Our recommendation algorithm was mainly supported on neighborhood methods for collaborative filtering, but we also used metrics from text retrieval to boost the relevance of tags in the long tail, while not completely disregarding tag popularity, in order to offer a playlist that better potentiated the discovery of music.
In Juggle Mobile we presented the users with the ability to create an account and fill their taste profiles either based on our random artist rating system, or by importing their existing music information from Facebook or Last.fm. All the data from these different sources was mixed together based on our weighting model and used to provide recommendations to the user or to a group of nearby users.
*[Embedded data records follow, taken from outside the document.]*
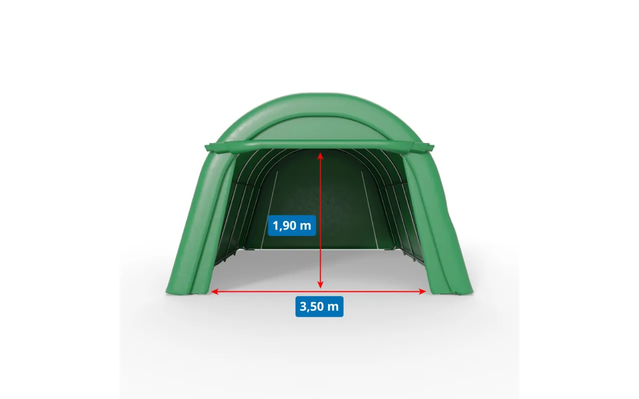 Plachtový garážový stan v zelenom vyhotovení 3,66x6,1 m je univerzálne riešenie pre rýchle prekrytie a ochranu techniky. garážový stan je praktický a odolný prístrešok pre vozidlá, poľnohospodárske stroje aj stavebné vybavenie. Pevná oblúková konštrukcia a kryt z PVC spoľahlivo chránia pred dažďom, snehom, vetrom a UV žiarením, čím zvyšujú bezpečnosť uskladnených predmetov. Jednoduchá montáž a možnosť premiestnenia robia zo plachtový garážový stan flexibilnú voľbu pre súkromné aj profesionálne použitie – vyžiadajte si ponuku.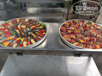 Жили в центральном корпусе Делюкс. Отель отличный, еда разнообразная.Каждый день рыба,мясо, фрукты,зелень,салаты,сладкого очень много. Повара всегда что-то придумывали,То вынесли с феерверками огромный торт мороженное (очень вкусный!!!), То вывесили огромные рыбины и готовили из них.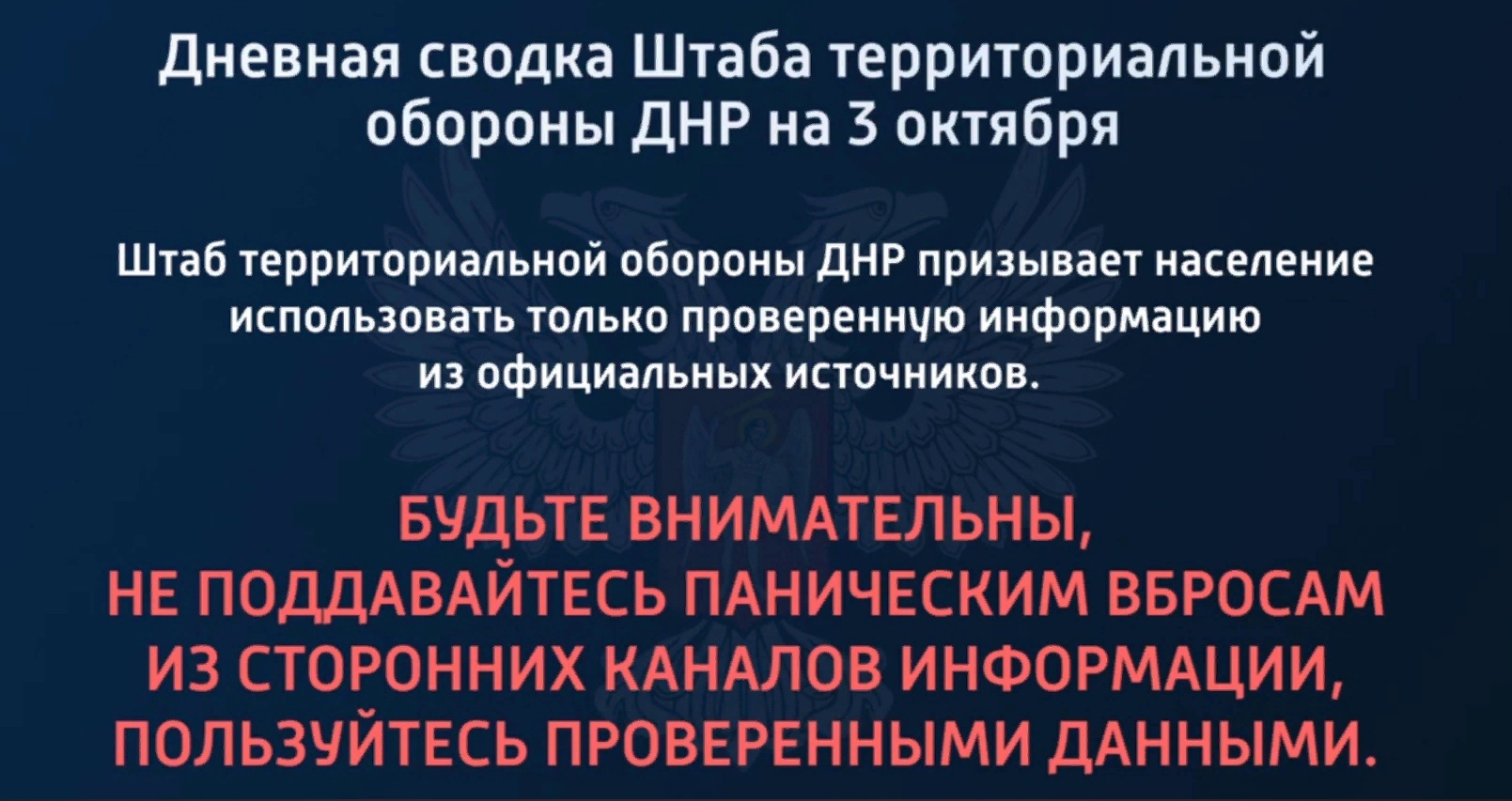 Дневная сводка Штаба территориальной обороны ДНР на 03.10.2022
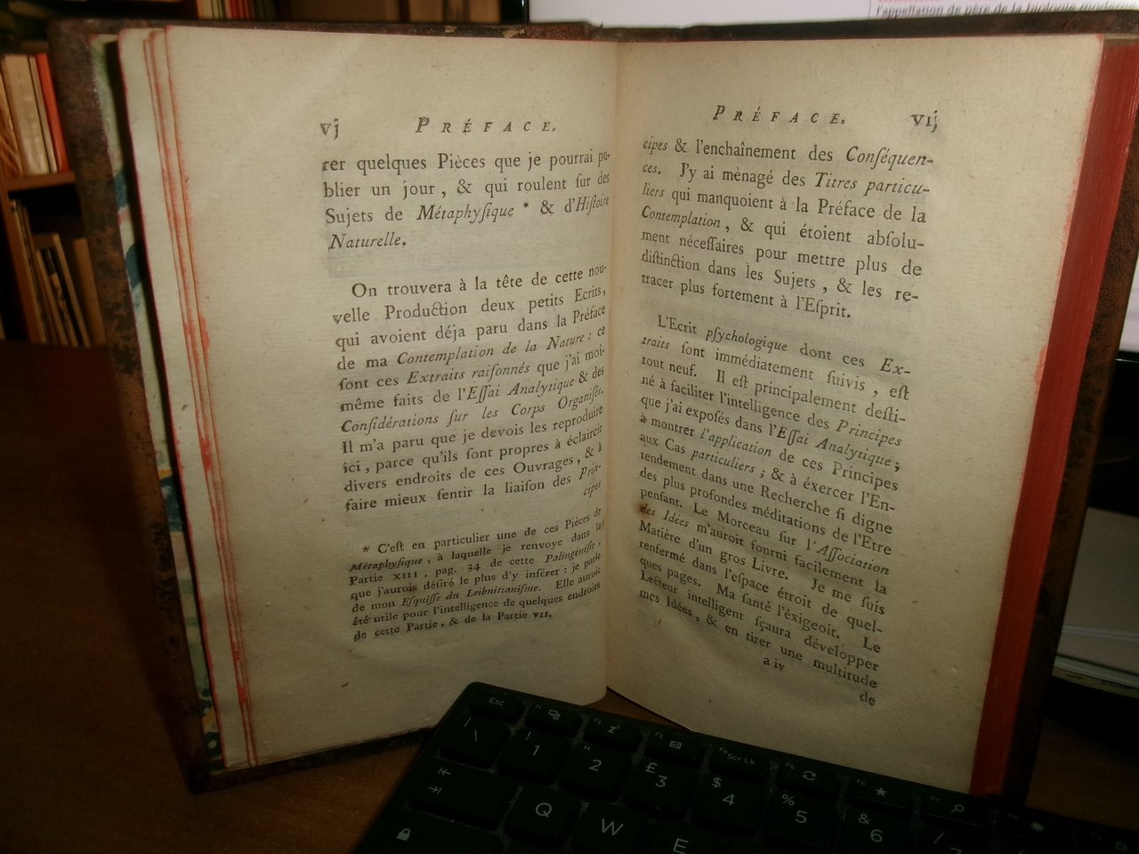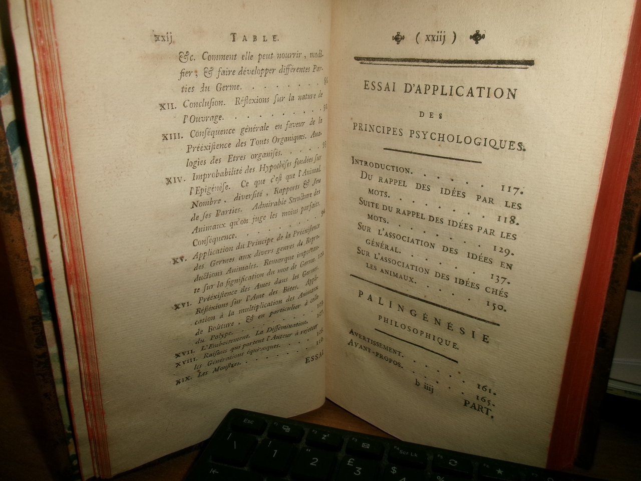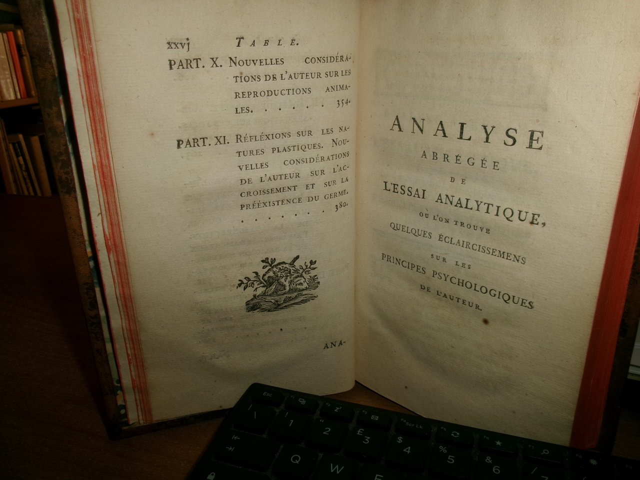 C. BONNET. A Geneve, Chez Claude Philibert et Barthelemi Chirol, 1769. LA PALINGÉNÉSIE PHILOSOPHIQUE, OU IDÉES SUR L'ÉTAT DES ÊTRES VIVANTS. 2 volumi in-8°, piena pelle coeva, dorsi a nervi con fregi e titoli in oro entro tasselli ai dorsi, tagli rossi. I. xxvi, (ii), 427, (1) pp.; II. (ii), iv, 448 pp. Questo lavoro di biologia teorica che attinge la sua origine in un pensiero multidisciplinare e assunzione Leibniz (l'immortalità dell'anima), sostiene che la Terra subisce disastri universali periodici che distruggono quasi tutta la vita e sopravvissuti a salire ogni volta un passo sulla scala dell'evoluzione. Bonnet fu il primo ad usare il termine evoluzione in un contesto biologico. Il libro delinea anche la psicologia sperimentale. Esiste in ogni essere germi che lo precedono e garantisce la sopravvivenza della specie, il Bonnet tesi annunciando le teorie e le scoperte di geni. Questa è la cecità in Bonnet porre fine agli esperimenti e ha invitato alla riflessione filosofica. - [FRENCH VERSION FOLLOWS] Édition originale, assez rare ; une contrefaçon est parue à la même date à Amsterdam. Sans aucun doute la plus ambitieuse et la plus remarquable étude de Bonnet qui lui valut l'appellation de père de la biologie moderne. Cette oeuvre de biologie théorique puisant sa source dans une réflexion multi-disciplinaire et son postulat chez Leibniz (l'immortalité de l'âme) prétend que la Terre subit périodiquement des catastrophes universelles qui détruisent presque toute vie et que les survivants montent chaque fois d'un degré sur l'échelle de l'évolution. Bonnet fut le premier à utiliser le terme d'évolution dans un contexte biologique. L'ouvrage préfigure également la psychologie expérimentale. Il existerait en chaque être des germes qui lui préexistent et assure la survie de l'espèce, la thèse de Bonnet annonçant les théories et découvertes des gènes. C'est la cécité qui chez Bonnet mit un arrêt aux expérimentations et l'engagea sur la voie de la réflexion philosophique. Bell' esemplare dell' edizione originale con firma du Compte Jean Baptiste Giovio 1770. Neg. mens. bianca cassa.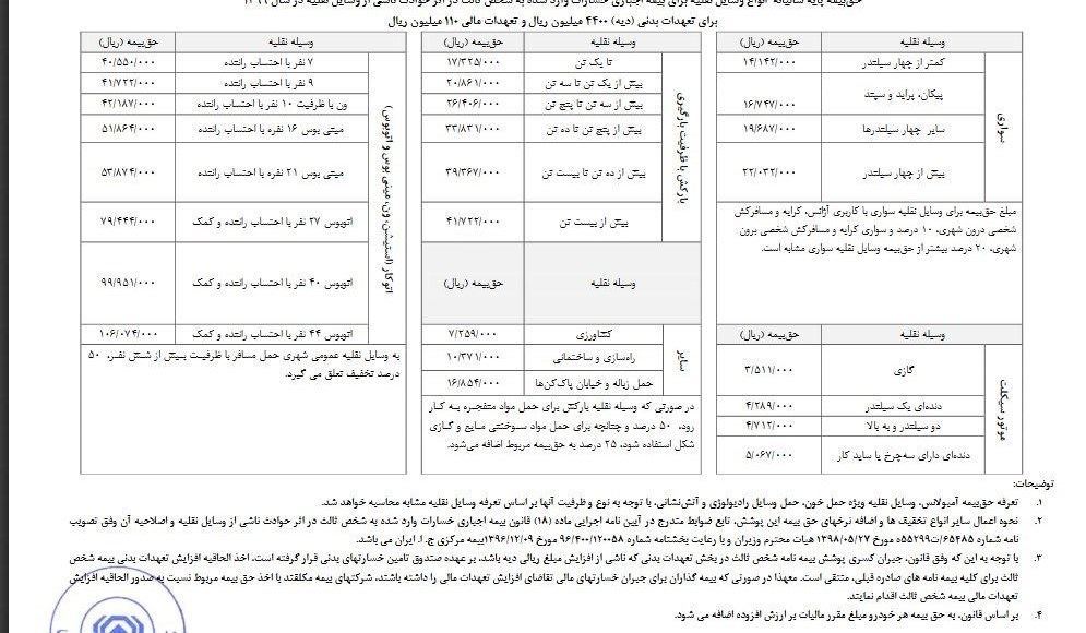 1 ــ نظر به اعلام مبلغ ریالی دیه برای سال 1399 از سوی قوه محترم قضائیه که متضمن 2/22 درصد افزایش در مبلغ ریالی دیه است و با توجه به افزایش 3درصدی نرخ حقبیمه رشته شخص ثالث بهموجب مصوبه شورایعالی بیمه، کلیه شرکتهای بیمه موظفند بیمهنامههای شخص ثالثی را که تاریخ شروع پوشش آنها از 1399/01/01 و پس از آن میباشد، با تعهدات بدنی 4400 میلیون ریال (معادل دیه ماههای حرام) و تعهدات مالی حداقل 110 میلیون ریال و با حقبیمههای مندرج در جدول صادر نمایند. شرکتهای بیمه و نمایندگان آنها مکلفند جدول مذکور را در معرض دید متقاضیان قرار دهند.

Our experiments were based on a linear algebra approach, where, instead of a graph, we used a user-items matrix, applying singular value decomposition to build a latent factor model that provided the support for individual and group recommendations. For groups, we proposed a rating aggregation method that ensured an equal chance for every group member to have a relevant influence in the recommendations outcome.
As a Breadcrumbs researcher, I was able to make contributions on several different areas. I implemented a language-independent named entity recognition system based on DBpedia entity lists. This system enabled the identification of three different types of entities — people, places and dates –— tied to three of the five dimensions (the Five-Ws) of journalism: who, where and when. Using this data, a multidimensional entity coreference network was built, connecting news clips that cited the same entity. Next, I implemented the community detection methodologies for multidimensional networks proposed by Tang et al. This included the dimension integration strategies proposed by the authors, based on their unified view of four traditional community detection methodologies. These algorithms were also implemented in the system, along with the Louvain method, one of the state of the art algorithms for community detection.
Next, two visualization tools were developed to display and explore the acquired data. The first was analogous to a map, where communities were visualized as countries resulting of the aggregation of a node population. The second enabled the exploration of the multidimensional network based on the three identified dimensions: who, where and when. Some simple chart visualizations were created to display statistics about the top user and system tags and entities.
We used a topic model, based on Latent Dirichlet Allocation, to suggest titles for each collection of news clips; a simplistic event detection system was also created, in order to find relevant peaks of activity in a time series of entity frequencies. Some other trivial systems, such as an administration panel, capable of scheduling tasks, and a widget dashboard were also implemented.
These algorithms were all developed using a web services architecture, communicating using either XML or JSON. Several scientific papers were published as the results of the described research. Below are some screenshots of the Breadcrumbs modules I contributed to in some way.
One of my first projects was Ciclope, a real time data visualization project aimed at gathering information from SAPO Blogs clickstream and displaying it in a useful way, allowing the blog owner to have an understanding of how the traffic flow of his or her blog behaved.
Among other widgets, we developed two main visualizations: a real time bar chart that displayed the number of visits per second along with a table showing traffic origin and destination; and a custom flow tree to visualize and quantify aggregated traffic sources for a given blog.